Nneka became the sixth Nigerian to win the prestigious prize by putting together a somewhat quirky story which talks about a parallel universe where single women remain unclad until they get married. The Nigerian author called this piece of work Skinned, and the real message it conveyed wasn’t nudity (back off, lewd folks!) Skinned was an effort to highlight the disparity in the treatment of married and unmarried women in the Nigerian society.
Her work appears to have caught the eye of judges as it dished out a unique perspective of the struggles of women for inclusion. Lesley Nneka Arimah’s winning work shakes up the status quo in an effort to knock established social hierarchies off their perch, go toe-to-toe with outdated traditions, and explore new possibilities for the women of today’s world.
Her work brings to life a dystopian universe occupied by strong characters where friendships are stretched to their very limits, innocence is taken away and readers are treated to a whole new perspective on life.
Skinned chronicles the life and times of Ejem who is born into a culture where girls are forced to go unclad at a certain age and stay so until they are able to land a spouse. According to excerpts from the book, Ejem had been forced to take off her clothes when she turned 15 as tradition dictated.
She had cried and despaired but there was no helping it. Actually, the children of the wealthy in society were not subjected to such demeaning treatment as such rich folks could get away with keeping their daughters covered for long, up until the girl child could secure “wife-cloth.”
But Ejem had not been so fortunate. She was the daughter of a poor man in a village where girls were stripped as early as possible, some even at age 10, and it was beyond time as far as he was concerned.

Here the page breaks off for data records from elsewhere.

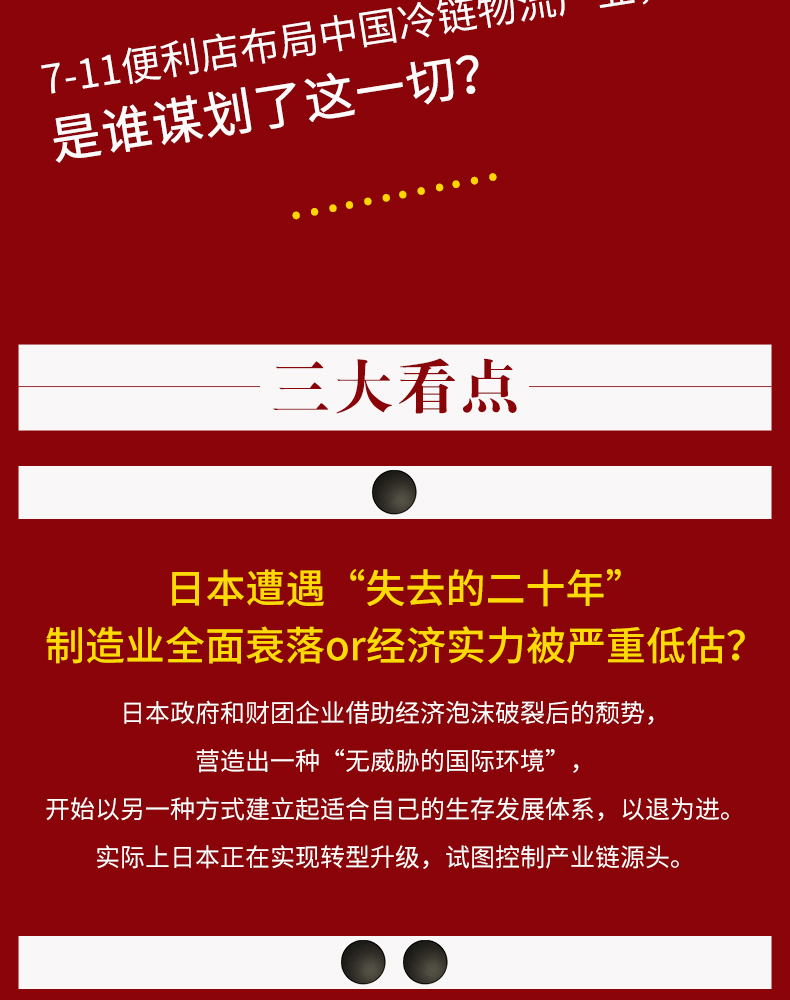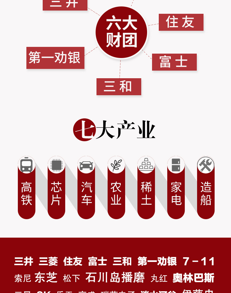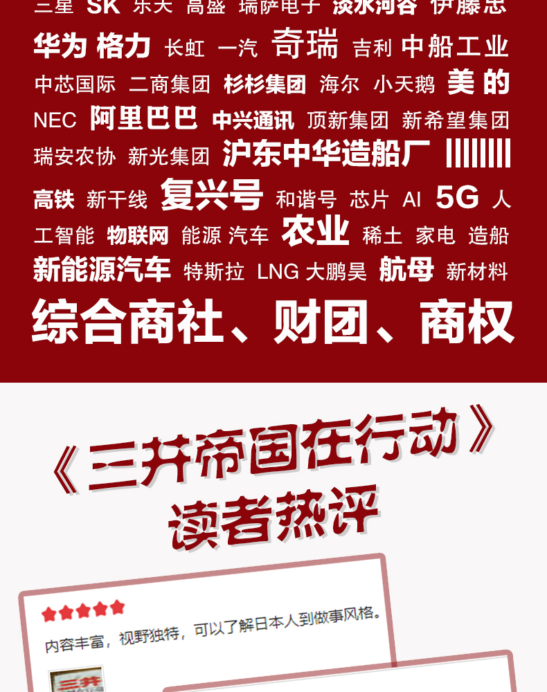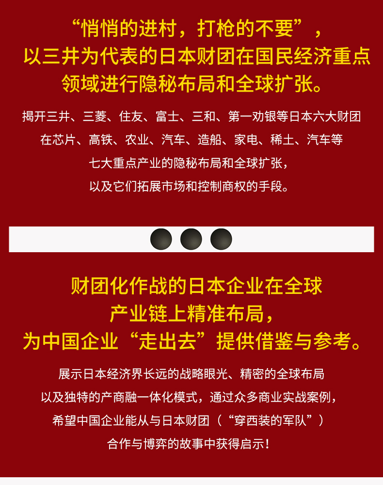 《三井帝国在布局》一书不仅揭开了这些三井财团企业的身世之谜,更重要的是暴露出它们之间互相配合在众多产业上的隐秘布局和扩张策略,以及它们拓展市场和控制商权的手段,从而展现三井财团在高铁、芯片、汽车、农业、稀土、家电等国民经济的重要产业上开辟出的一个又一个战场。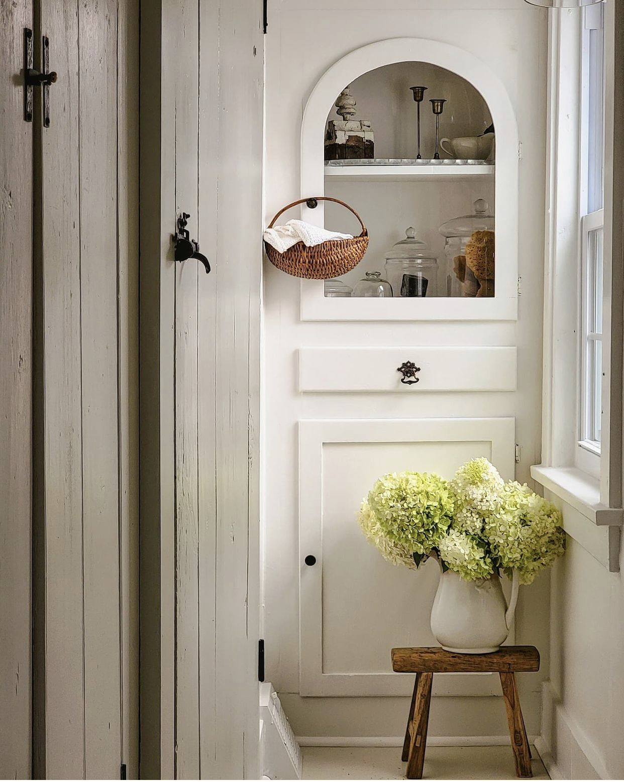 You have to head over to @teahousedesigns to see the before and after of this cozy cabinetry. She explains that in this space prior, she had open shelving, but closing off the storage space makes it look more intentional. I feel that statement so deeply and really enjoy both open and closed storage, but in some spaces, one makes more sense than the other.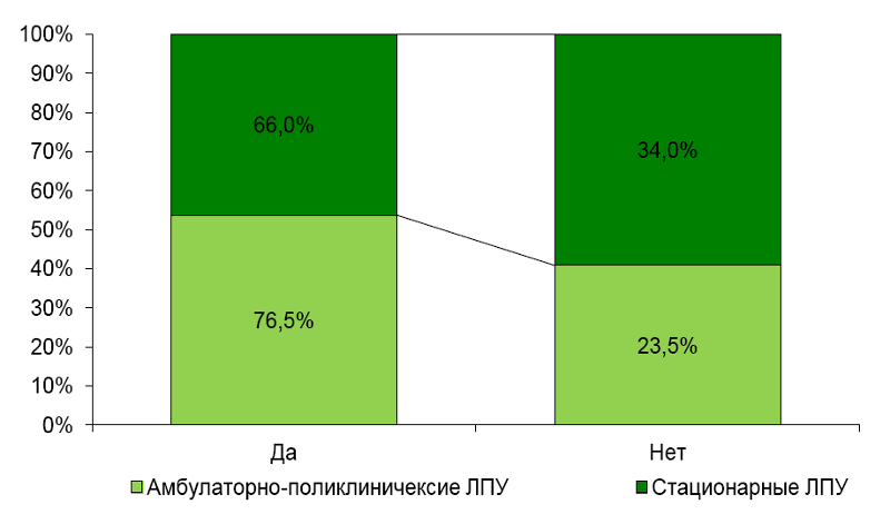 Распределение больничных учреждений во многом соответствует распределению населения по федеральным округам. В числе отличий - более низкая доля ЦФО в населении (27%) и более высокая позиция Южного федерального округа, где проживает 10% россиян, что ставит его на четвертое место (по числу больничных учреждений округ на шестой позиции).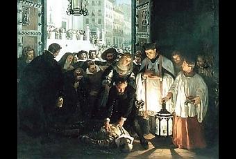 El Conde era un magnífico alanceador de toros y tuvo una brillante actuación delante de los Reyes. La Reina, emocionada por lo que acababa de ver exclamó “¡Qué bien pica el Conde!” a lo que Felipe IV respondió con una ya histórica frase. “Pica bien, pero pica muy alto”. Por lo visto el Rey no era ajeno ni ciego al rumor que prendía con fuerza por las calles, que el escritor, y alanceador, estaba enamorado de su esposa. Este personaje de novela no podía tener un final normal y en la madrugada del 21 de agosto de 1622, cuando su carroza bajaba por la Calle Mayor rumbo a San Ginés, un sicario se acercó a la ventanilla del Conde y le asestó una estocada que vació la vida de Villamediana. ¿Quién encargó y puso precio a su muerte?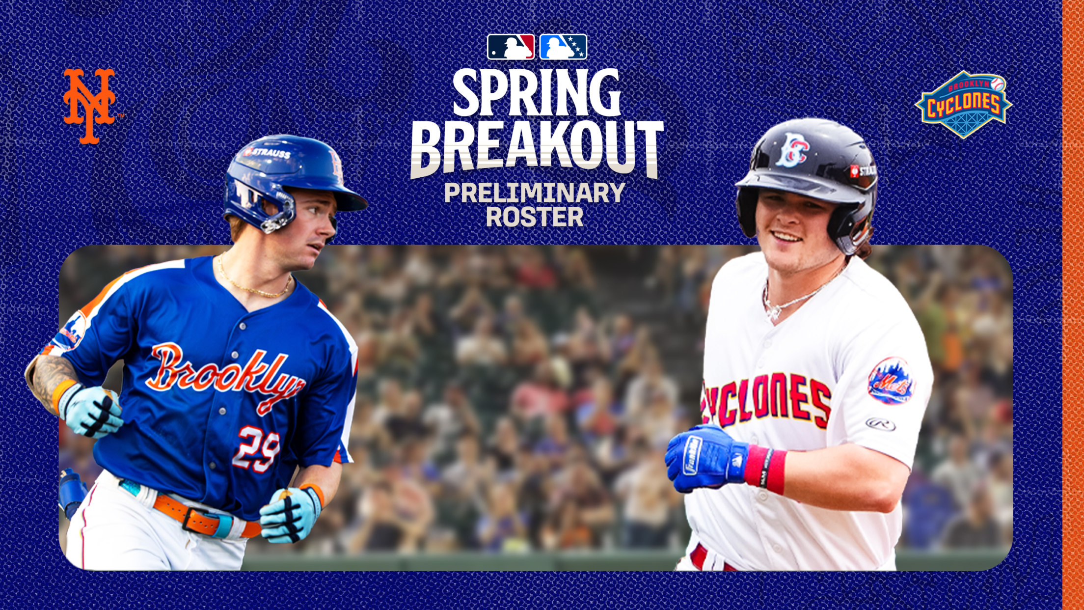 CONEY ISLAND, BROOKLYN, N.Y. (March 5, 2026) — The New York Mets, in collaboration with Major League Baseball, have released their preliminary roster for the third-annual Spring Breakout Game to be held on Thursday, March 19, at 7:10 p.m. from Clover Park in Port St. Lucie, Fla. 26 Brooklyn Cyclones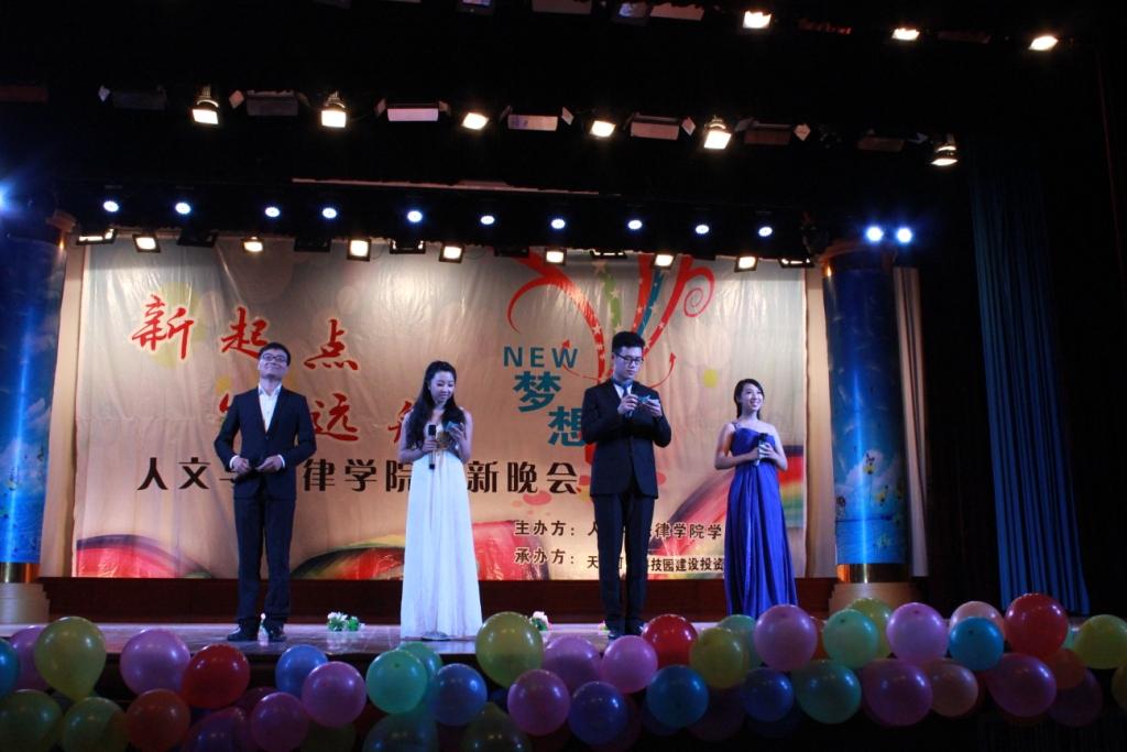 开学典礼结束后,以“新起点,心远航”为主题的迎新晚会开始。由每日大赛 舞蹈队带来的精彩开场舞《call me baby》激起在场学生的热烈掌声和喝彩。知音合唱团的小合唱通过三首简短清爽的歌曲,为舞台下的同学们展现出了大学的清新气息。每日大赛 四位辅导员用歌声带领大家重温《光阴的故事》,带我们徜徉于记忆的海洋,畅想明日辉煌。《我的河工梦》以诗朗诵的形式诠释出文法学子对母校的爱与承诺,台上的热情饱含,正是台下的努力无限所折射出的光辉。表演给人的印象深烙于心上,晚会中的抽奖环节更是将氛围推向高潮。现场微信抢红包,五万元创业基金大奖的归属更是令观众们激情四溢。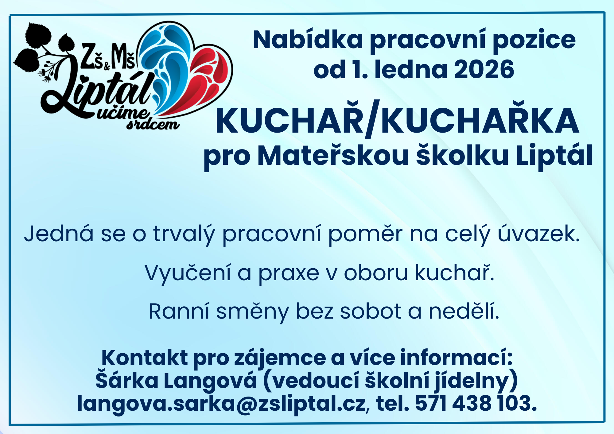 Nabídka pracovní pozice od 1.1.2026 KUCHAŘ/KUCHAŘKA pro Mateřskou školku při ZŠ Liptál. Jedná se o trvalý pracovní poměr na celý úvazek. Ranní směny bez sobot a nedělí. Vyučení a praxe v oboru kuchař. Kontak pro zájemce a více informací: Šárka Langová (vedoucí školní jídelny), langova…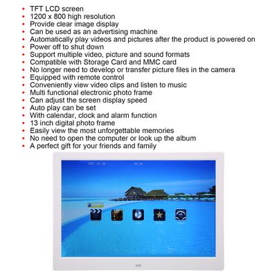 Spécification :Type d'article : Cadre photo numériqueMatériel : ABSCouleur : NoirRésolution : 1280 x 800Prise : 110-240VPile de la télécommande : pile bouton CR2025 (non incluse)Écran : écran numérique LED 13 pouces (16:10) Format d'image pris en charge : JPEG, l'image peut être agrandie et TournéPrend en charge les formats vidéo : MP4, AVI, MPG, FLV, VOB (formats vidéo tout compris)Prend en charge le format audio : MP3, WMA (sortie audio stéréo)Prend en charge les supports de stockage : carte de stockage , MMC, carte MS, disque USystème vidéo : prend en charge NTSC, commutateur PALInterface de sortie : interface de sortie casqueMode de contrôle : manuel, télécommande ou mise sous tension, lecture automatique des images, des images et publicités musicales et vidéo ; prise en charge de la lecture mixte en optionMode d'emploi :Retirez le produit et utilisez-le conformément au manuel. Cadre Photo Numérique 13,3’’ Gaming 1080p Bordures Slim Liste des colis :1 x cadre photo numérique1 x support1 x adaptateur1 x télécommande (batterie non incluse) Vous pouvez également définir différents effets de diaporama, la vitesse du diaporama, le mode de répétition, la lecture du point d'arrêt (uniquement pour la lecture vidéo). Les haut-parleurs stéréo intégrés garantissent que le son joué est suffisamment clair. Cadeau Pour Famille Album Photo électronique, Cadre Photo Numérique à écran LED 15,4 Pouces 1024x768 Haute Résolution Avec Télécommande Pour La Maison Pour La Publicité (Prise UE Cadres Photo Numérique Prend en charge le format d'image JPEG, peut être agrandi, pivoté. AFFICHAGE HD : cadre photo numérique avec écran de 13 pouces avec une résolution de 1280 x 800 et un rapport d'aspect de 16:10., Avec le mode veille personnalisé et les paramètres de rotation automatique pour une meilleure expérience visuelle. MUSIQUE STÉRÉO : Avec le cadre photo numérique intelligent, vous pouvez enregistrer vos chansons préférées comme musique de fond pour vos photos préférées. Vous pouvez redimensionner les photos dans les paramètres pour éviter la distorsion, et le grand angle de vue vous permet de voir les photos sous tous les angles. Cadre Photo Numérique 13 Pouces Vous pouvez également profiter d'une musique de fond. Ce cadre photo numérique électronique Plug and Play, pas d'opération réseau compliquée nécessaire, les personnes âgées peuvent également l'utiliser. Écran IPS de 13 pouces, qui est plus grand que l'écran de 10,1 pouces et peut afficher des photos et des vidéos HD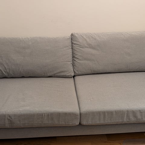 2-sitsig (kanske 2,5) bäddsoffa från Mio, ca 10år gammal. Vi tror att det är en äldre modell av Lindö. Bäddbredd ca 110cm. Färgen är en slags ljus sand. Katt finns i hemmet.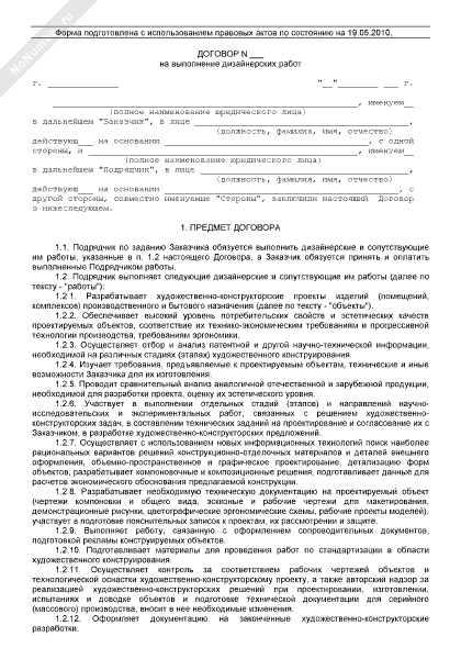 Договор на выполнение вскрышных работ (рекомендуемый образец заполнения)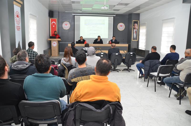 İl Müdürümüz Furkan METE Başkanlığında İl Müdür yardımcılarımız, İlçe Müdürlerimiz ve Konuyla ilgili teknik personellerimizin katılımıyla Hayvan Sağlığı ve Su Ürünleri Şube Müdürlüğümüz tarafından; Hayvan Hastalıkları ile Mücadele ve Hayvan Hareketleri Genelgesi kapsamında 2025 yılı faaliyetlerinin değerlendirilmesi ile epidemiyoloji konusunda eğitim toplantısı düzenlenmiştir. İl Müdürlüğümüz toplantı gerçekleştirilen toplantıda, yürütülen çalışmalar ele alınmış; önümüzdeki dönemde hayvan hastalıklarıyla mücadele, koruyucu hekimlik uygulamaları ve hayvan hareketlerinin kontrolüne yönelik yapılacak çalışmalar hakkında değerlendirmelerde bulunulmuştur.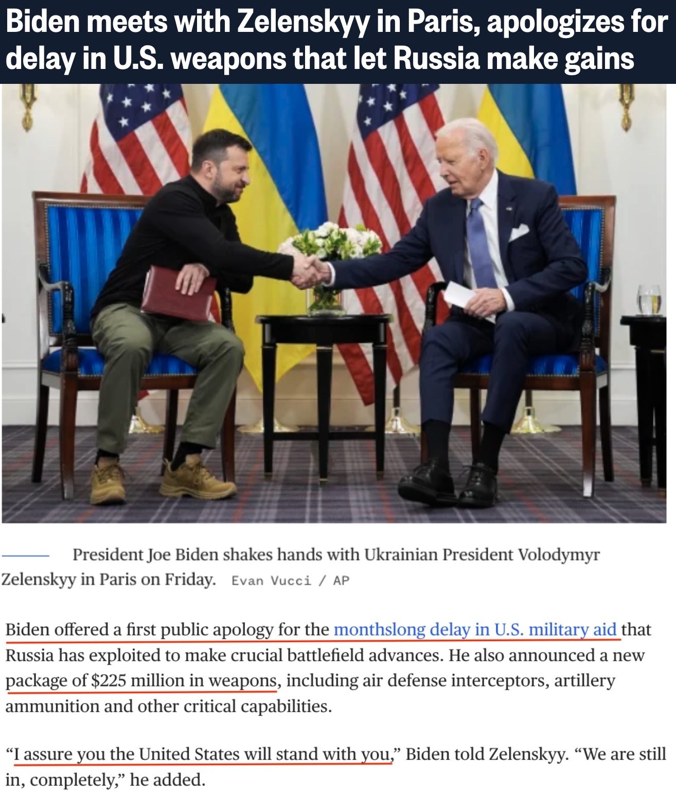 在巴黎會(huì)見烏克蘭總統(tǒng)澤連斯基時(shí),拜登首次就美國國會(huì)未能更早通過對(duì)烏新援助法案“道歉”,并宣布將再向?yàn)蹩颂m提供2.25億美元援助。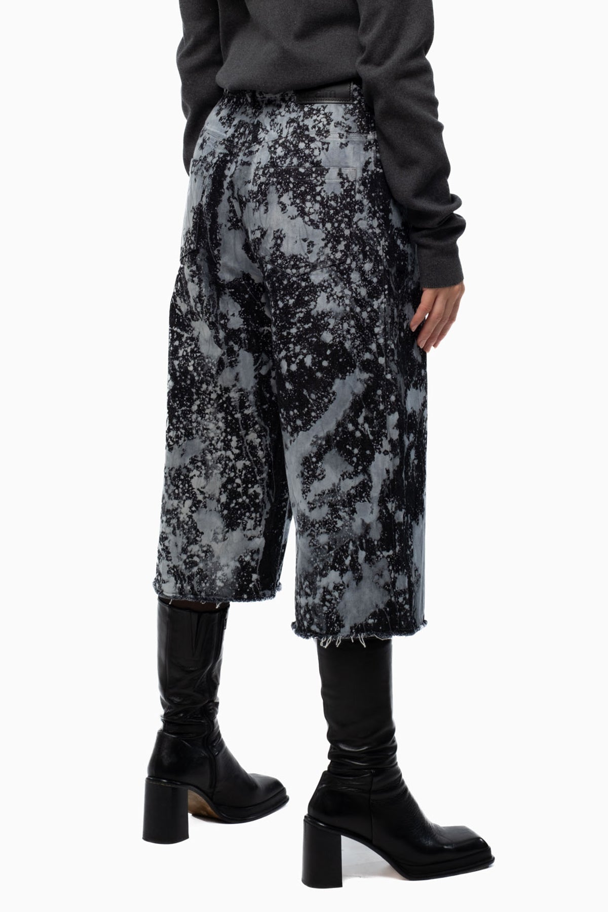 - Raw-edge side seams and hem feature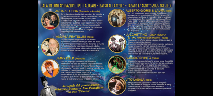 E così nel suggestivo Castello di Milazzo un nuovo straordinario cast darà vita ad un live show memorabile con artisti del calibro di: Vito la sala – Italia (Giocoleria), Alessio Spirito – Italia (Acrobata vincitore “dalla strada al palco 2024”), Jimmy Delp – Francia (2° Premio Campione di Francia), Alberto Giorgi & Laura – Italia (Illusionisti pluripremiati campioni d’Europa 2024), Andrea Fratellini – Italia (ventriloquo vincitore Italia’s Got Talent 2020), I Lucchettino alias Luca Regina & Tino Fimiani (Premio Mandrake d’oro Francia 2016), Anca & Lucca -Austria/Romania (Campioni del mondo in carica di mentalismo).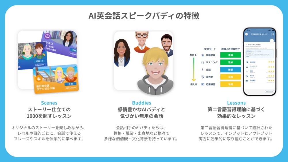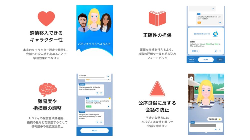 さらに2023年9月末からは、『バディチャット』というAI英会話もできるようになっている。

The work of fiction chronicled the many travails and few triumphs of Ejem and the witty, mischievous delivery of the story may have caught everyone’s attention and never let go.
Nneka, who was born in the UK, grew up in Nigeria. In a sit-down with the BBC, she offered that the inspiration for the literary work was derived from a conversation with a friend who described marriage in Nigeria as something that “gives unconventional women cover to be themselves“.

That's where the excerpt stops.